Thursday, 13 December 2018

My Book and Podcast Recommendations




In today's post I wanted to share some of my recommendations of books and podcasts that have helped me, soothed me and even brought some laughter into my darker moments.

I was inspired to write this after the lovely Madeleine, from the blog Madeleine Loves, shared a post this week on the books that have helped her. She mentioned some wonderful choices and well known books that have given a lot of comfort to many people ( and also a lovely shout out to this blog too), so I shall link to Madeleine's post here for you to check those out:

http://madeleineloves.com/2018/12/10/books-about-grief/ 

In terms of my own recommendations, here are a couple of my discoveries:

Grief Cast Podcast


This wonderful podcast is hosted by comedian Cariad Lloyd, whose father died when she was 15. 
In her own words she created the podcast 'to talk, share and laugh about the weirdness of grief and death.' 
Each week she talks to a different comedian or familiar face, about their own personal loss, and we get to learn about their experience and how they have dealt with it thus far.
Each time I listen I feel empathy, sadness but most importantly I laugh. I laugh at the peculiar moments, the humorous moments...because they are there, and you need to find them. 

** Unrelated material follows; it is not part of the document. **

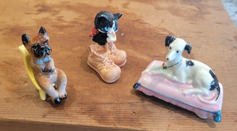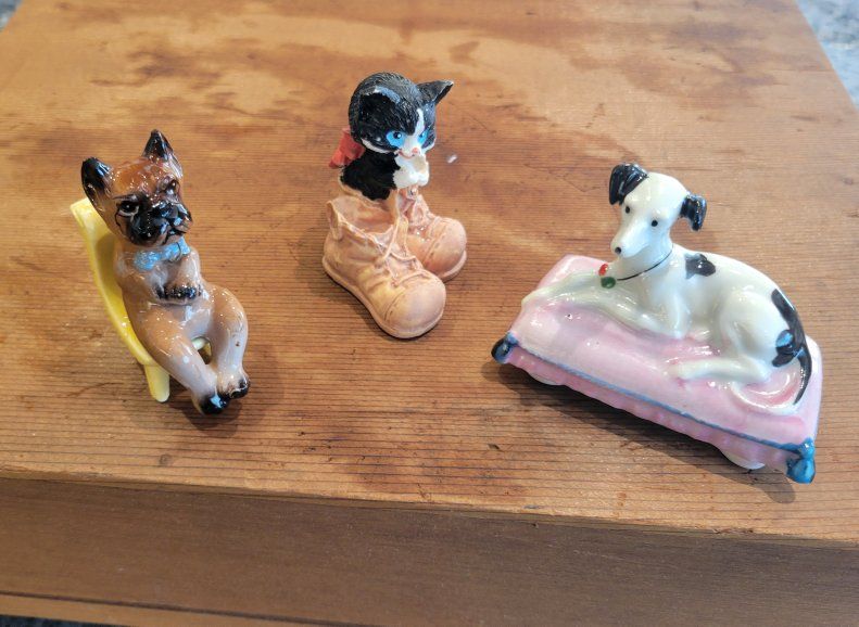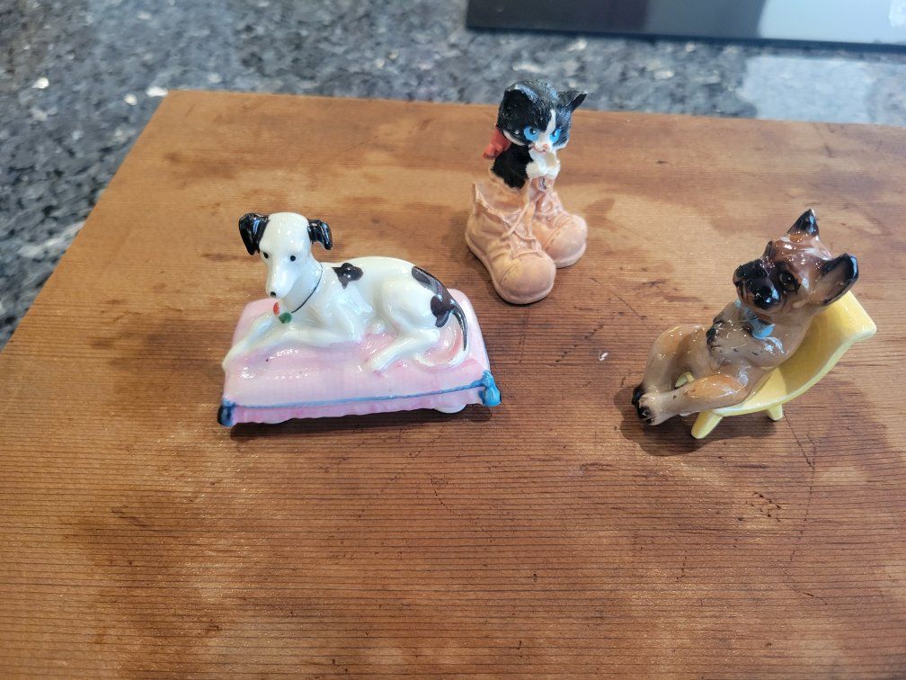 3 different vintage pet figurines. All 3 are included in the price. The yellow chair is missing 1 leg.

A personal favourite of mine is episode 60 featuring the brilliant Emma Freud and Katherine Ryan. Emma talks of her hatred of when people asked her 'Is there anything I can do?'. Her thoughts on this are... 'Give me a present. It's not rocket science! Of course there is something you can do...I am really sad and you've got some money. Send me a scented candle for god's sake!'

You really do need to hear Emma speak these words to feel the humour, but it certainly tickled me. 

I would highly recommend tuning in. 

With The End In Mind by Kathryn Mannix


This may not be a book that you want to read straight away, but I do think that it is a great and important read. 
Dr Kathryn Mannix is on a mission to reclaim public understanding of dying, and to give us permission to talk about death. 
In her book she tells many stories of her patients over the years that she met and cared for, as a palliative care consultant, and shares their experiences and how they lived whilst dying. How they accepted death, and dealt with the physical process. 

You see, death is extremely scary to us all, and this is because we don't how what to expect. 
Albeit very sad in places, this book taught me that in the same way that our bodies are designed to give birth, there is a process to dying. A slow process, that is very normal and not to be feared. As long as the person in question is kept out of pain, which they can be with medication, then it is not a frightening experience. 

I also learnt (which may sound bizarre) that my mum's death was 'normal', and for that I am very grateful and took comfort. Comfort in the knowledge that other people would have experienced the same process as me, and it also helped me to understand each stage and I now can look back and know what was happening. 

Death is very odd, but this does open up a conversation, and I think it is an important read for anyone. You realise the wonderful qualities of humans; their courage and love. 


I do hope that these suggestions, as well as Madeleine's, can be helpful to you and bring you a little comfort when needed. 
Please do let me know if you have discovered anything yourself too, I would love to hear.